Capítulo 33 A voz que Ecoa Demais

Capítulo 33: A Voz Que Ecoa Demais

O convite chegou em papel timbrado, com selo do Ministério da Cultura. Formal. Direto.

“Convidamos a escritora Isabel Santiago para compor a mesa nacional ‘Vozes que Rompem o Silêncio’, a ocorrer no Teatro Nacional, com transmissão televisiva.”

Li a carta três vezes.

Não era apenas um convite. Era um reconhecimento.

Uma convocação.

Jonas estava na cozinha quando entrei com a folha nas mãos.

— Chegou.

Ele olhou para mim, sorriu leve.

— Algo bom?

— Ou perigoso — respondi, entregando a carta.

Ele leu, em silêncio. Depois colocou a folha sobre a mesa. Lento. Cuidadoso.

— E vais aceitar?

— Estou a pensar.

Ele hesitou.

— Pensar... por ti, ou por mim?

Senti o baque. Mas respirei fundo.

— Estou a pensar por nós. Porque já sei o que a exposição me custa.

Ele sentou, os olhos evitando os meus.

— Eu só tenho medo, Isabel. De ver-te no fogo outra vez. A mesma Isabel que lutou tanto pra ter paz.

— E achas que minha paz depende de me esconder?

— Não. Mas acho que ela tem limites.

Silêncio.

Longo. Denso.

— Então se eu for... vou sozinha? — perguntei.

Ele demorou. Mas respondeu:

— Vais com meu respeito. Mas com o meu medo também.

Falei com Clara no fim de semana.

— Tu nasceste para isso — ela disse. — E se não fores tu, quem?

— Tenho medo de que, ao gritar pelos outros, perca quem ficou do meu lado em silêncio.

Clara me olhou, firme.

— Mas e se calares... não perdes a ti?

Na semana seguinte, aceitei o convite.

Enviei o e-mail às 6h01 da manhã.

E não contei de imediato a Jonas.

Porque agora, algumas decisões eram minhas.

Não por orgulho.

Mas por identidade.

O dia do painel chegou.

Vesti um casaco azul-claro.
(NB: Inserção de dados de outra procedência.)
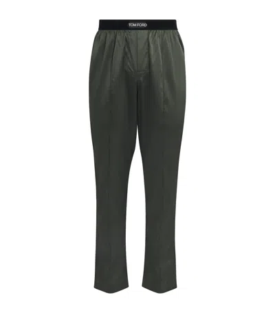 Gray Stretch Silk Satin Pyjama Pants In Brown

Da cor que Teresa usava quando nos defendia sem dizer uma palavra.

O teatro estava lotado. Câmeras. Luzes. Expectativas.

Sentei ao lado de juristas, psicólogas, ativistas. Cada uma com suas cicatrizes.

Quando chegou minha vez de falar, respirei fundo.

E disse:

— Sou filha de uma mulher que amou demais. Irmã de quem precisou de tempo pra me ver. E agora... sou voz de quem não teve escolha de calar.

— Falar dói. Mas o silêncio também. A diferença é que a dor do silêncio nos faz desaparecer. E eu... eu escolhi ficar.

Pude ver Jonas na penumbra da plateia.

O rosto sério.

Mas os olhos... cheios.

De medo, sim.

Mas também de orgulho.

Naquela noite, ele me esperou em casa com o jantar pronto. Um bilhete em cima do guardanapo:

“Foste a voz que eu precisei e não tive. E ainda assim, escolheste me amar. Obrigado por ficar inteira — mesmo quando me assustaste.”

No caderno da mamã, escrevi:

"Alguns homens amam nossas sombras. Outros, nossas luzes. Mas o verdadeiro amor é o que nos acompanha... mesmo quando nossa voz ecoa alto demais para o mundo suportar."

E então dormi.

Com o coração exausto.

Mas firme.

Porque agora eu sabia:

A filha favorita não era a que agradava.

Era a que sobrevivia — e escolhia falar.